# Photo Re-Sizing Website



## dhdb (Dec 14, 2009)

A while back, someone posted a website they used to "re-size" photos. I cannot find it anywhere. Does anyone remember this website?


----------



## Dan Borer (Feb 6, 2009)

I use Picasa from Google. There is a website but I use the stand alone program on my computer for all my needs. The EXPORT function allows you to resize individual or multiple photos quickly and easily.


----------



## luverofpeanuts (Mar 9, 2010)

dhdb said:


> A while back, someone posted a website they used to "re-size" photos. I cannot find it anywhere. Does anyone remember this website?


As a a Picasa user, I've often used Picnik to do simple edits on photos, including re sizing. One can use the normal "Paint" program that comes with Windoze too.

.


----------



## rdvholtwood (Sep 18, 2008)

dhdb said:


> A while back, someone posted a website they used to "re-size" photos. I cannot find it anywhere. Does anyone remember this website?


Is this the site? - click here. I've used in the past - before we got a Mac.


----------



## dhdb (Dec 14, 2009)

rdvholtwood said:


> A while back, someone posted a website they used to "re-size" photos. I cannot find it anywhere. Does anyone remember this website?

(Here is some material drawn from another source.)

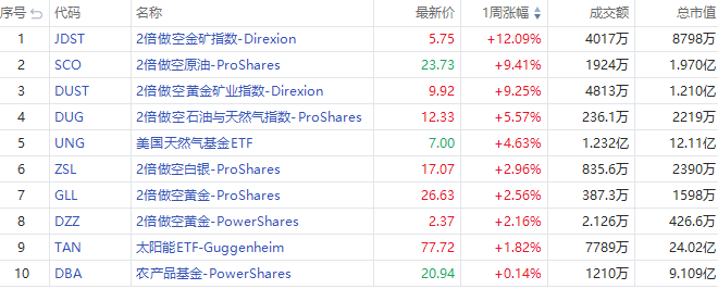 1、本周美股ETF涨幅榜

Is this the site? - click here. I've used in the past - before we got a Mac.








[/quote]
That would ne the one! Thank you Rick.


----------



## raynardo (Jun 8, 2007)

Use Picasa, it's free and works like a charmer.

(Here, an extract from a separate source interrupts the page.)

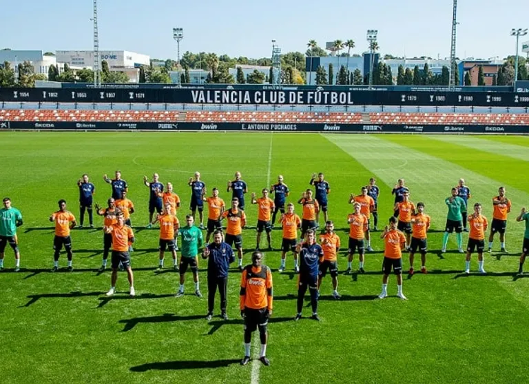 The Valencia squad lined up behind Diakhaby at their training ground in a public display of support.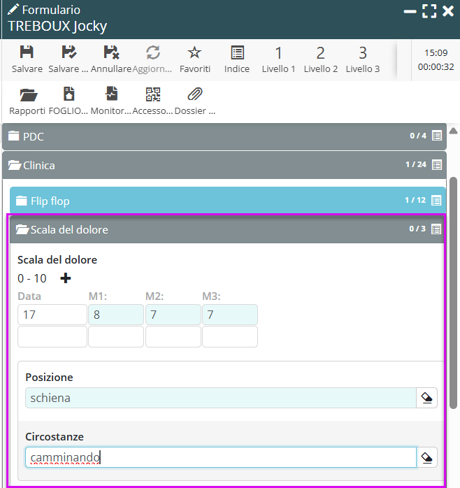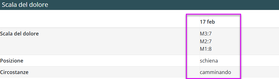 ➡️ È indispensabile registrare almeno un valore di intensità nella scala del dolore. Solo a questa condizione è possibile inserire la localizzazione e le circostanze.

Once you decide which photos you want to resize, chose them, and then use the EXPORT command to save them to the directory of your choice. Once you choose EXPORT you'll be asked what size you want to use for your exported photos.

The great thing about exported photos is that they have all your Picasa edits and your original photos aren't ever touched!


----------